BEGIN INFORMATION SUPPLIED

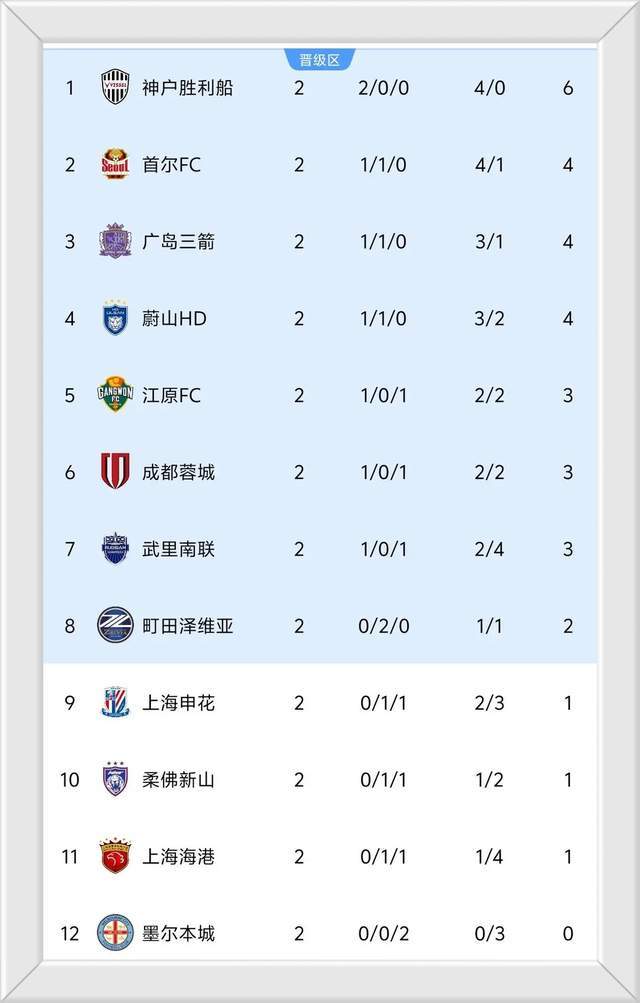 神戶勝利船以2戰(zhàn)全勝積6分躍居榜首,兩連敗的墨爾本城0分墊底。
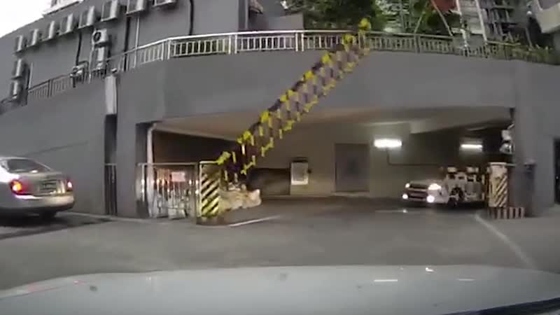 Aziatische vrouw zet haar auto in de achteruit en rijdt zichzelf ondersteboven Fails
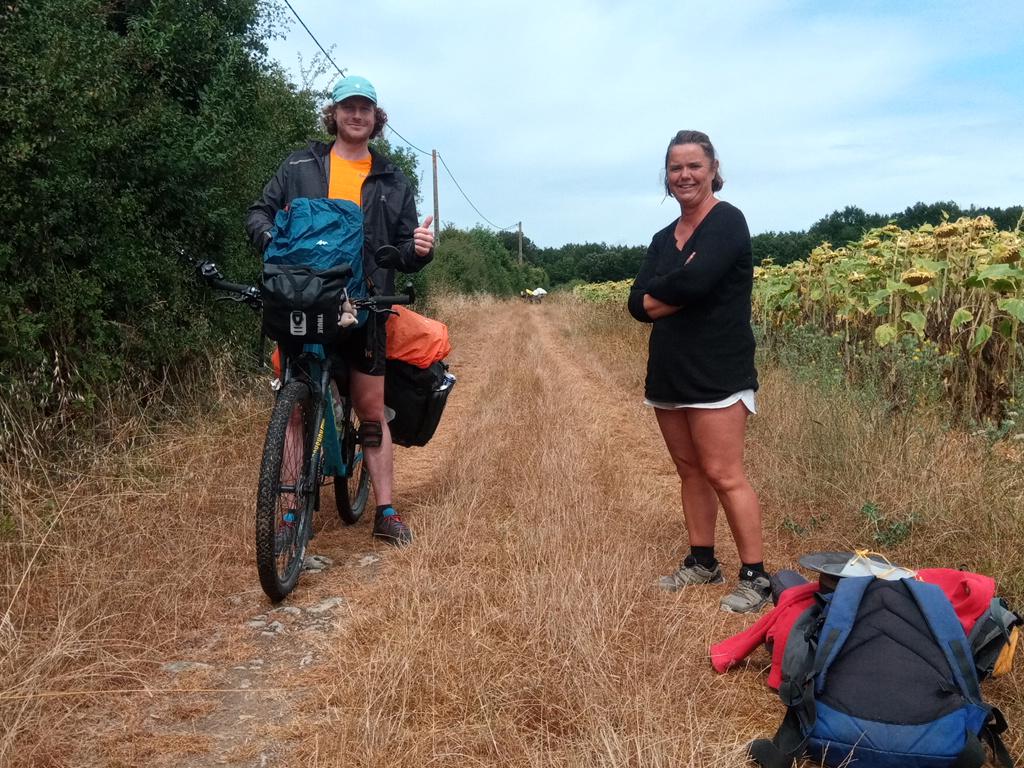 Un peu plus loin, nous rencontrons Joris. Il est parti de Royan avant-hier et se dirige vers la Méditerranée en suivant le GR4. Il voyage au profit de l'association "petit prince". Cette asso réalise les rêves et les projets d'enfants gravement malades. Bel échange de souvenirs, d'adresses, de tomates...Bonne route à toi Joris. Vous pouvez soutenir son action en vous rendant sur le site https://www.alvarum.com/jorisfernouxjorisfernoux

END INFORMATION SUPPLIED

**THE PROBLEM**: Repeat every line of the data above exactly, but drop the pictures.

**COMPLETED EXERCISE**:
 神戶勝利船以2戰(zhàn)全勝積6分躍居榜首,兩連敗的墨爾本城0分墊底。
 Aziatische vrouw zet haar auto in de achteruit en rijdt zichzelf ondersteboven Fails
 Un peu plus loin, nous rencontrons Joris. Il est parti de Royan avant-hier et se dirige vers la Méditerranée en suivant le GR4. Il voyage au profit de l'association "petit prince". Cette asso réalise les rêves et les projets d'enfants gravement malades. Bel échange de souvenirs, d'adresses, de tomates...Bonne route à toi Joris. Vous pouvez soutenir son action en vous rendant sur le site https://www.alvarum.com/jorisfernouxjorisfernoux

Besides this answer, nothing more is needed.